The process that led to the algorithm recognizes several important steps. In 1931, Andrei Kolmogorov introduced the differential equations corresponding to the time-evolution of stochastic processes that proceed by jumps, today known as Kolmogorov equations (Markov jump process) (a simplified version is known as master equation in the natural sciences). It was William Feller, in 1940, who found the conditions under which the Kolmogorov equations admitted (proper) probabilities as solutions. In his Theorem I (1940 work) he establishes that the time-to-the-next-jump was exponentially distributed and the probability of the next event is proportional to the rate. As such, he established the relation of Kolmogorov's equations with stochastic processes.

Later, Doob (1942, 1945) extended Feller's solutions beyond the case of pure-jump processes. The method was implemented in computers by David George Kendall (1950) using the Manchester Mark 1 computer and later used by Maurice S. Bartlett (1953) in his studies of epidemics outbreaks. Gillespie (1977) obtains the algorithm in a different manner by making use of a physical argument.

Idea

= Mathematics =

In a reaction chamber, there are a finite number of molecules. At each infinitesimal slice of time, a single reaction might take place. The rate is determined by the number of molecules in each chemical species.

Naively, we can simulate the trajectory of the reaction chamber by discretizing time, then simulate each time-step. However, there might be long stretches of time where no reaction occurs. The Gillespie algorithm samples a random waiting time until some reaction occurs, then take another random sample to decide which reaction has occurred.

The key assumptions are that

each reaction is Markovian in time
there are no correlations between reactions

Given the two assumptions, the random waiting time for some reaction is exponentially distributed, with exponential rate being the sum of the individual reaction's rates.

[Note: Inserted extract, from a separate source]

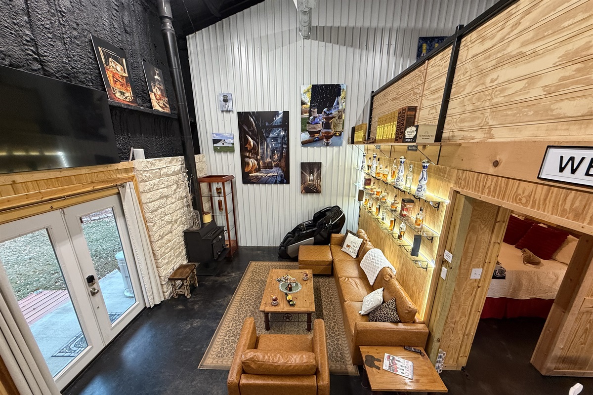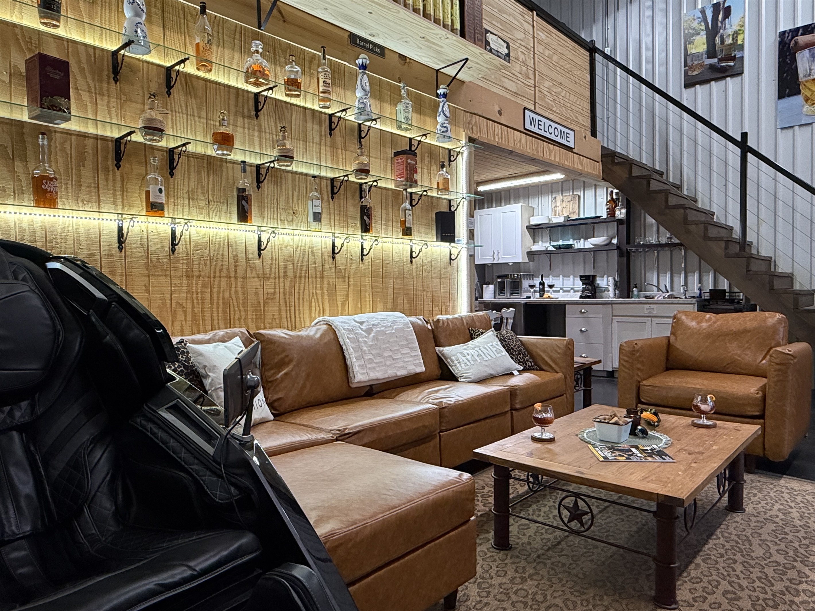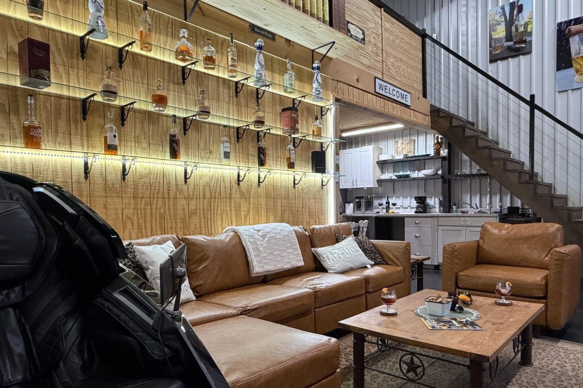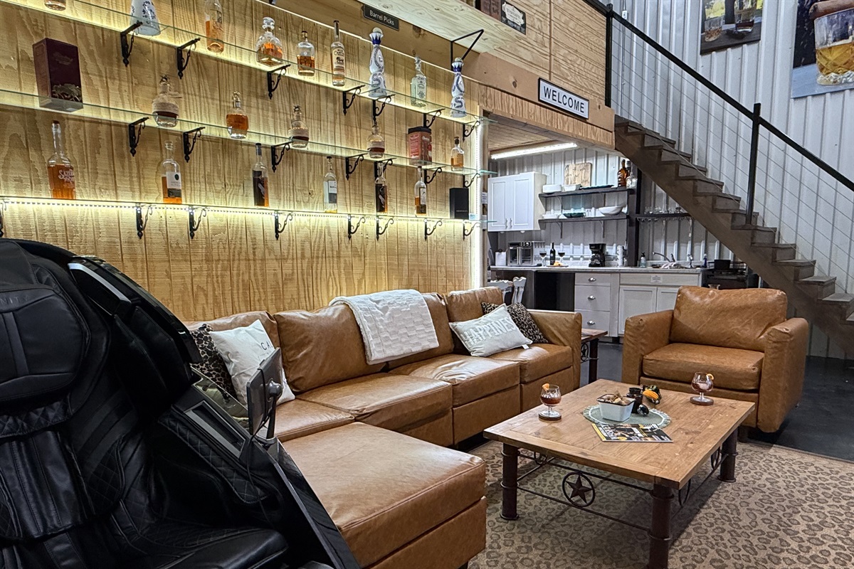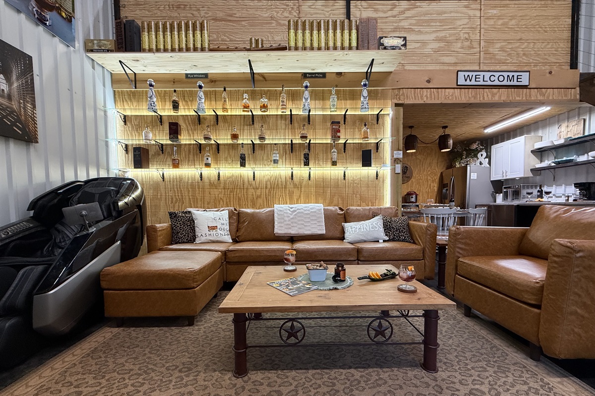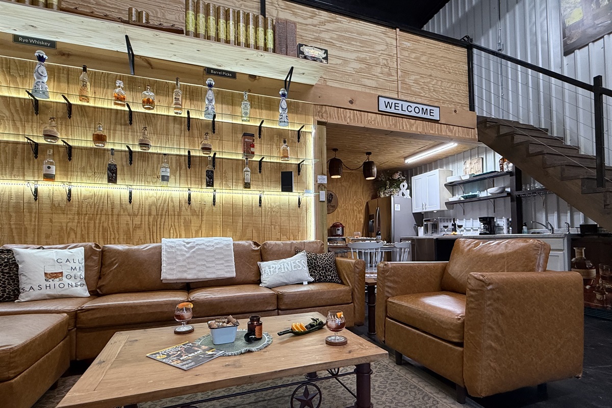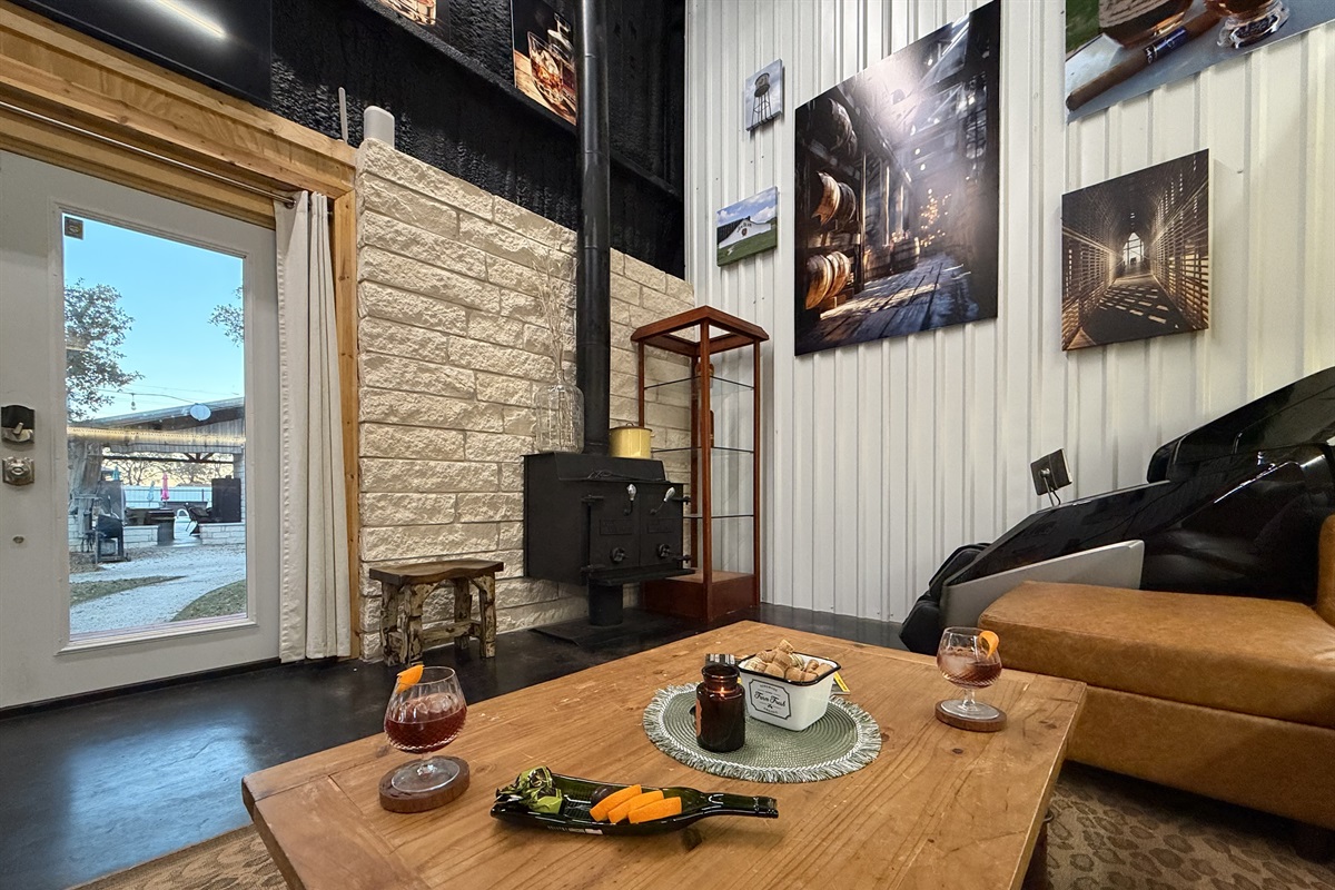 2 Bedrooms • 1 Bathroom 1 Bath • Sleeps 3-6Welcome to Chateau Bourbon - an extraordinary escape for bourbon enthusiasts and those seeking a truly unique Texas getaway! This one-of-a-kind property combines luxurious accommodations with an impressive whiskey lounge experience, complete with a stunning backlit bourbon display, private cigar room, massage chair, and outdoor relaxation spaces. Perfect for couples, small groups, or anyone looking for an elevated, experiential stay.

= Validity in biochemical simulations =

Traditional continuous and deterministic biochemical rate equations do not accurately predict cellular reactions since they rely on bulk reactions that require the interactions of millions of molecules. They are typically modeled as a set of coupled ordinary differential equations. In contrast, the Gillespie algorithm allows a discrete and stochastic simulation of a system with few reactants because every reaction is explicitly simulated. A trajectory corresponding to a single Gillespie simulation represents an exact sample from the probability mass function that is the solution of the master equation.

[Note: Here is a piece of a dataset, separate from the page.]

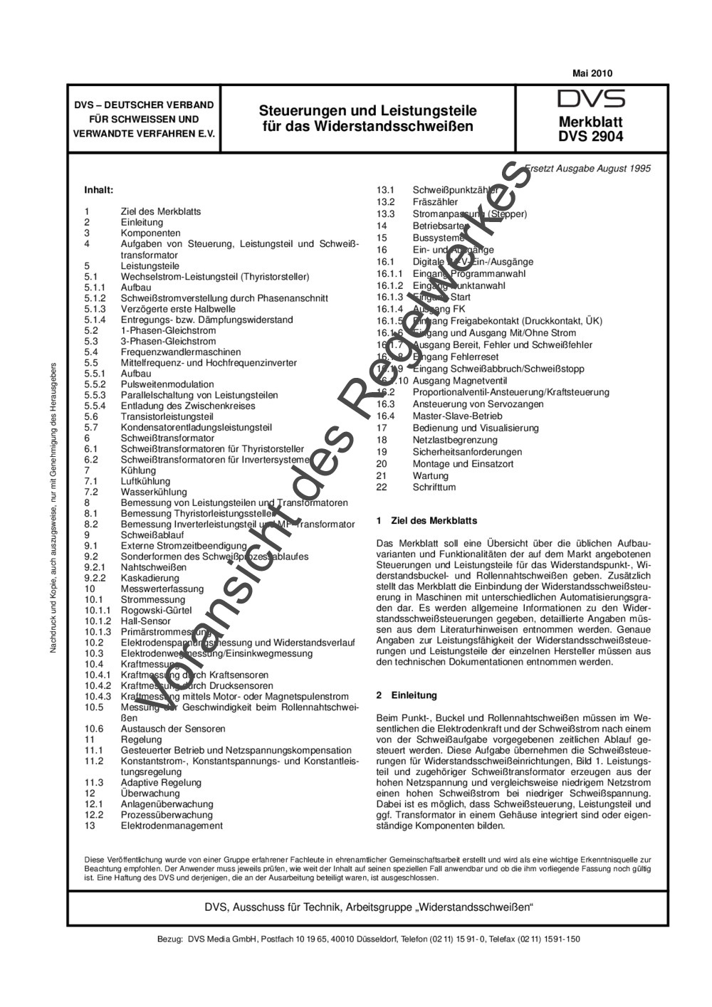 Das Merkblatt soll eine Übersicht über die üblichen Aufbauvarianten und Funktionalitäten der auf dem Markt angebotenen Steuerungen und Leistungsteile für das Widerstandspunkt-, Widerstandsbuckel- und Rollennahtschweißen geben. Zusätzlich stellt das Merkblatt die Einbindung der Widerstandsschweißsteuerung in Maschinen mit unterschiedlichen Automatisierungsgraden dar. Es werden allgemeine Informationen zu den Widerstandsschweißsteuerungen gegeben, detaillierte Angaben müssen aus dem Literaturhinweisen entnommen werden. Genaue Angaben zur Leistungsfähigkeit der Widerstandsschweißsteuerungen und Leistungsteile der einzelnen Hersteller müssen aus den technischen Dokumentationen entnommen werden.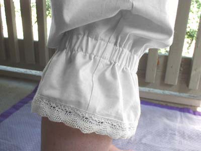All seams have been serged and the inner seams have been serged and sewn flat for extra comfort and durability. Everything on the bloomers is durable and washable. You may substitue elastic for the drawstring waist (we strongly recommend the drawstring, however). Just email us for details.

The physical basis of the algorithm is the collision of molecules within a reaction vessel. It is assumed that collisions are frequent, but collisions with the proper orientation and energy are infrequent. It is assumed that the reaction environment is well mixed.

Algorithm

A review (Gillespie, 2007) outlines three different, but equivalent formulations; the direct, first-reaction, and first-family methods, whereby the former two are special cases of the latter. The formulation of the direct and first-reaction methods is centered on performing the usual Monte Carlo inversion steps on the so-called "fundamental premise of stochastic chemical kinetics", which mathematically is the function

: $p(\tau,j\mid\boldsymbol{x},t) = a_j(\boldsymbol{x})\exp\left(-\tau\sum_{j} a_{j}(\boldsymbol{x})\right),$

where each of the $a$ terms are propensity functions of an elementary reaction, whose argument is $\boldsymbol{x}$ , the vector of species counts. The $\tau$ parameter is the time to the next reaction (or sojourn time), and $t$ is the current time. To paraphrase Gillespie, this expression is read as "the probability, given $\boldsymbol{X}(t) = \boldsymbol{x}$ , that the system's next reaction will occur in the infinitesimal time interval $[t+\tau, t+\tau+d\tau]$ , and will be of stoichiometry corresponding to the $j$ th reaction". This formulation provides a window to the direct and first-reaction methods by implying $\tau$ is an exponentially-distributed random variable, and $j$ is "a statistically independent integer random variable with point probabilities $a_{j}(\boldsymbol{x}) / \sum_{j}a_{j}(\boldsymbol{x})$ ".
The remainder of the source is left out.